Hi all, I need a little bit of help figuring out where my implementation went wrong. I have an algorithm that runs on a 3D tensor, given by `[batch, row, col]`. I used to use a `for` loop to iterate through each `n`, where `n` is the number of rows/cols (n x n square matrix here). I figured out how to use the `torch.scatter_add_` function to remove the for-loop.

Here’s the input to the function:

``````input = torch.Tensor([[[7,  8, 7, 20, 7],
[15,  2,  2,  4,  8],
[ 6, 17,  6,  7,  8],
[ 1,  6, 12,  6,  2],
[ 8,  1,  7,  2, 10]]]
``````

Here’s the for-loop implementation:

``````def iter_simp_min_sum_batch(m_alpha_beta, m_beta_alpha, weights, n_iter):

for _ in range(n_iter):

# Message passing
for i in range(n):
alpha_beta_max = torch.max(torch.cat((m_alpha_beta[:, :i, :], m_alpha_beta[:, (i + 1):, :]), dim=1), dim=1)[0]
beta_alpha_max = torch.max(torch.cat((m_beta_alpha[:, :i, :], m_beta_alpha[:, (i + 1):, :]), dim=1), dim=1)[0]
if i == 0:
m_beta_alpha_k = (weights[:, i, :] - alpha_beta_max).unsqueeze(2)
m_alpha_beta_k = (weights[:, :, i] - beta_alpha_max).unsqueeze(2)
else:
m_beta_alpha_k = torch.cat((m_beta_alpha_k, (weights[:, i, :] - alpha_beta_max).unsqueeze(2)), dim=2)
m_alpha_beta_k = torch.cat((m_alpha_beta_k, (weights[:, :, i] - beta_alpha_max).unsqueeze(2)), dim=2)

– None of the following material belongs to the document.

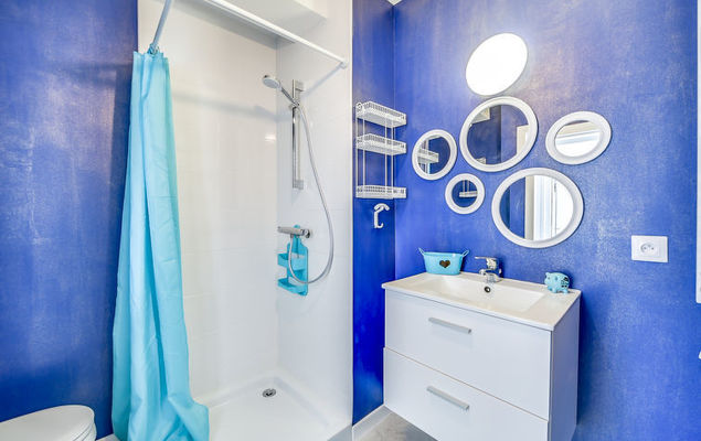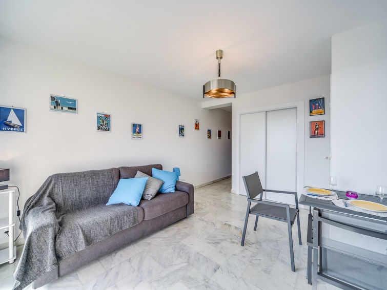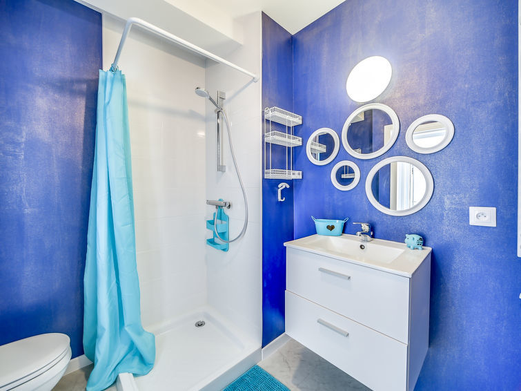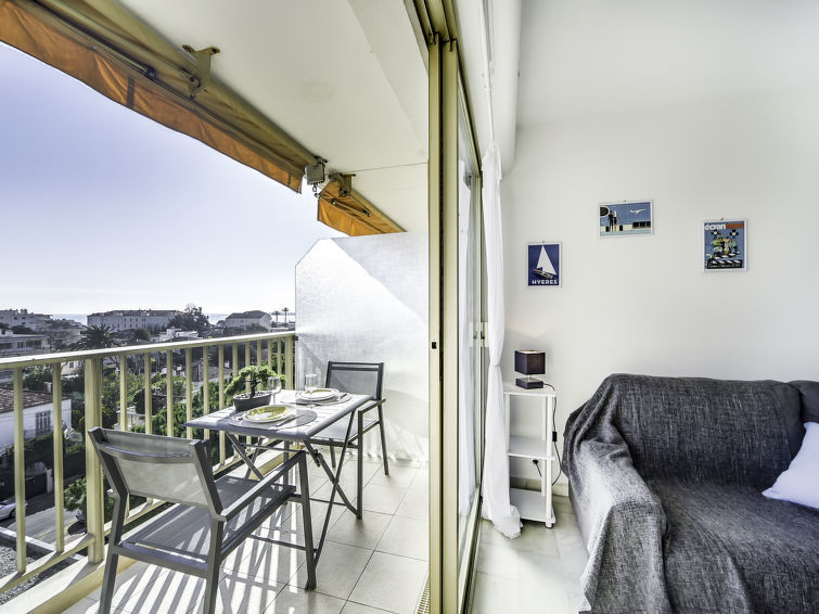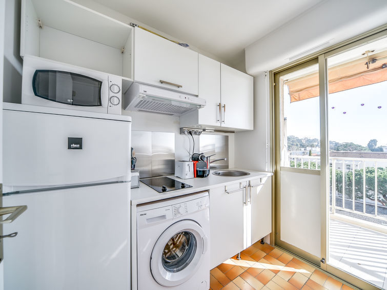 Studio 1-kamer 28 m2 op de 5e verdieping. Comfortabel en mooi ingericht: woon-/eetkamer met 1 2-pers divanbed (140 cm, lengte 190 cm), TV. Uitgang naar het terras. Keuken (2 keramische glas kookplaten, magnetron, elektrische koffiemachine, pads voor de koffiemachine (Nespresso) extra). Uitgang naar het terras. Douche/WC. Terras 12 m2. Terrasmeubelen. Uitzicht op zee. Ter beschikking: wasmachine. Internet (Internet (WiFi), extra). Let op: rookmelders. 06029004773WF

m_alpha_beta = m_alpha_beta_k
m_beta_alpha = m_beta_alpha_k

return m_alpha_beta, m_beta_alpha

``````

Here’s my scatter implementation of the above:

``````def iter_simp_min_sum_batch_scatter(m_alpha_beta, m_beta_alpha, weights, n_iter):

for _ in range(n_iter):
# Message passing

beta_alpha_maxes, beta_alpha_indices = torch.topk(m_beta_alpha, 2, dim=1)
m_alpha_beta_k = weights.permute(0, 2, 1) - beta_alpha_maxes[:, 0, :].unsqueeze(1)
m_alpha_beta_k = m_alpha_beta_k.scatter_add_(dim=1, index=beta_alpha_indices[:, 0, :].unsqueeze(1), src=beta_alpha_maxes[:, 0, :].unsqueeze(1))
m_alpha_beta_k = m_alpha_beta_k.scatter_add_(dim=1, index=beta_alpha_indices[:, 0, :].unsqueeze(1), src=beta_alpha_maxes[:, 1, :].unsqueeze(1) * -1).permute(0, 2, 1)

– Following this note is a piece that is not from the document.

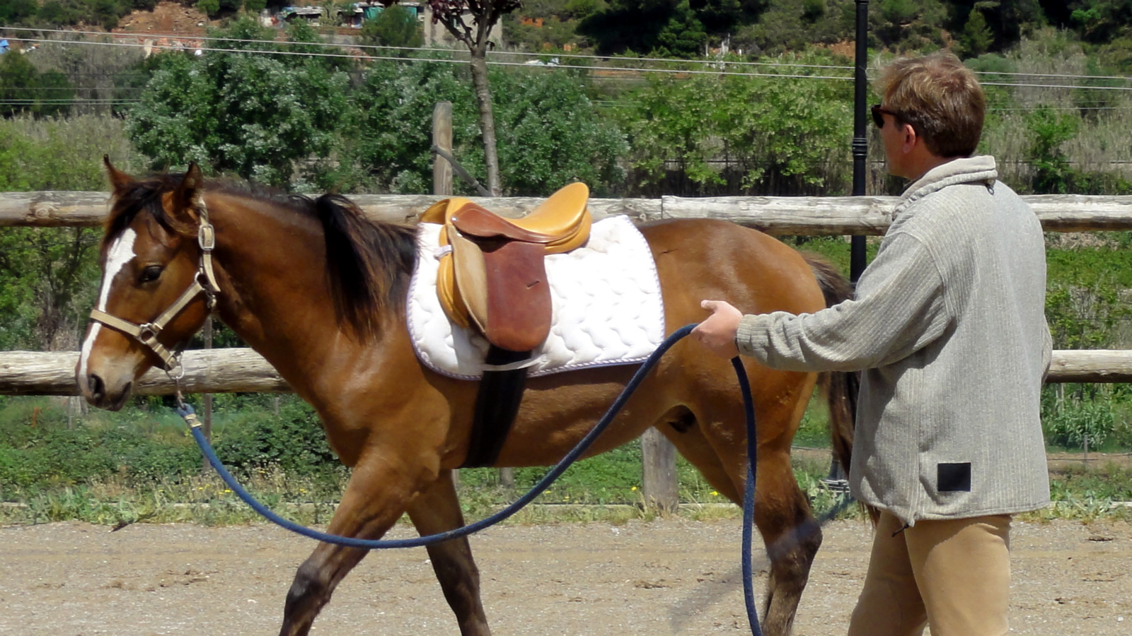 Hay algunos ejercicios con caballos que requieren la máxima movilidad de nuestros brazos. Por ejemplo, cuando pie a tierra y trabajando a la cuerda queremos enviar el caballo en una u otra dirección, o cuando llevamos el caballo del ronzal y necesitamos en un momento dado estirar de la cuerda para que avance, o ejercer presión con la cuerda para que pare. También en otras circunstancias, domando un potro o cuando la situación lo requiere, necesitamos tener la máxima amplitud de giro de nuestro tronco y brazos.

alpha_beta_maxes, alpha_beta_indices = torch.topk(m_alpha_beta, 2, dim=1)
m_beta_alpha_k = weights - alpha_beta_maxes[:, 0, :].unsqueeze(1)
m_beta_alpha_k = m_beta_alpha_k.scatter_add_(dim=1, index=alpha_beta_indices[:, 0, :].unsqueeze(1), src=alpha_beta_maxes[:, 0, :].unsqueeze(1))
m_beta_alpha_k = m_beta_alpha_k.scatter_add_(dim=1, index=alpha_beta_indices[:, 0, :].unsqueeze(1), src=alpha_beta_maxes[:, 1, :].unsqueeze(1) * -1).permute(0, 2, 1)

m_alpha_beta = m_alpha_beta_k
m_beta_alpha = m_beta_alpha_k

return m_alpha_beta, m_beta_alpha
``````

Finally, here’s how I test the above implementations:

``````# Scatter implementation
a = torch.nn.Parameter(input)

scatter_b_a, scatter_b_b = iter_simp_min_sum_batch_scatter(a, a.permute(0, 2, 1), a.clone().detach(), 3)

# For-loop implementation
b = torch.nn.Parameter(input)

iter_b_a, iter_b_b = iter_simp_min_sum_batch(b, b.permute(0, 2, 1), b.clone().detach(), 3)

``````

Here’s the results:

``````a.grad

tensor([[[  0.,   0.,  -2.,   0.,   0.],
[  0.,   0.,   0.,   0.,   0.],
[  0.,   0.,   0.,   0.,  -2.],
[  0.,   0.,  -4.,   0.,   0.],
[ -1.,   0.,   0.,   0., -16.]]])

tensor([[[  0.,   0.,   0.,   0.,   0.],
[  0.,   0.,   0.,   0.,   0.],
[  0.,   0.,   0.,   0.,  -2.],
[  0.,   0.,  -4.,   0.,   0.],
[ -1.,   0.,  -2.,   0., -16.]]])

scatter_b_b - iter_b_b

tensor([[[0., 0., 0., 0., 0.],
[0., 0., 0., 0., 0.],
[0., 0., 0., 0., 0.],
[0., 0., 0., 0., 0.],
[0., 0., 0., 0., 0.]]], grad_fn=<SubBackward0>)

``````

As shown in `scatter_b_b - iter_b_b`, the solutions are the same. The difference is in the gradients which I don’t really understand where the difference is.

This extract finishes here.